The magnitude of the effect is similar to the impact of TV advertising documented across 288 consumer packaged goods categories, Guo said, which can be very relevant for early-stage producers lacking marketing budgets for TV ads or other expensive channels.

Financial topics are one of the most effective drivers

The research also showed that stories about producers' financials are as effective as stories focused on sustainability, which producers considered one of the selling points of the alternative meat products, along with its health benefits.

“Sustainability works as expected, much like anything describing the lower environmental impact with the bioengineered foods, which is the main driver of adoption,” Guo said. “What's a little surprising is that financial information is also very effective.”

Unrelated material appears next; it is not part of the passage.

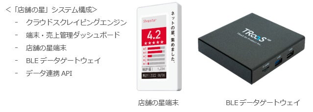「店舗の星」は、EC の世界で極めて重要である、商品及び店舗に関する消費者評価(ソーシャルプルーフ)をネット上よりクラウドエンジンがスクレイピングし、リアル店舗に落とし込み、表示するためのシステム(以下、「店舗の星」システム※)になります。小売店舗で商品を購入する際、馴染みがなかった商品や、嗜好性の高い商品を選択するには、お客様のその商品に対する認知度が重要な鍵となります。一方、お客様が商品選択に費やす時間は、低額商品の場合、ほんの数秒であることから、お客様が数秒以内に認知可能であり、かつ、商品の良さの定量的判断の助けとなる「店舗の星」は、リアル店舗の販売促進に大きな役割を果たしてまいります。また、当社の提供する「店舗の星」システムは、単にお客様評価を商品に表示するだけではなく、「店舗の星」を取り付ける前と取り付けた後の効果計測が可視化できるクラウドダッシュボードを有しており、店舗の POS データと連携することで店舗運営の BI ツールとして極めて大きな役割を果たしてまいります。

She said that perhaps favorable financial news about new products serves as a signal for low uncertainty about the innovation and instills confidence in local businesses. “They may think, ‘I don't know whether the meatless meat technology is reliable or not, but I trust the celebrity investors’ bet as they are putting their money in it,’” she said.

“In addition, favorable publicity of the innovation—which was often induced by the eye-catching financial events, among everything else—may serve as free marketing for local stores and restaurants, driving store traffic which may eventually lead to more sales for their current product offerings,” Guo said. “Jump on the latest trend, and entrepreneurs will catch a wave of free attention.”

Health-related news, on the other hand, seems to be not all that effective to drive product adoption, the research found.

Insights for marketers

The researchers developed a framework to causally measure the effectiveness of the social media news by geographical areas, which can potentially offer insights for area-specific campaigns, Guo said.

“Our framework helps organizations seeking to promote adoption of new products broadly, and bio-engineered foods in particular, to plan the right content given when and where the marketing campaigns will run, " she said.

Other tech startups targeting the consumer packaged goods market could also learn the lesson from the impact of news stories shown in this study.

“Knowing a densely populated liberal city is better tuned to sustainability news can inform the design of their content marketing strategies,” Guo said.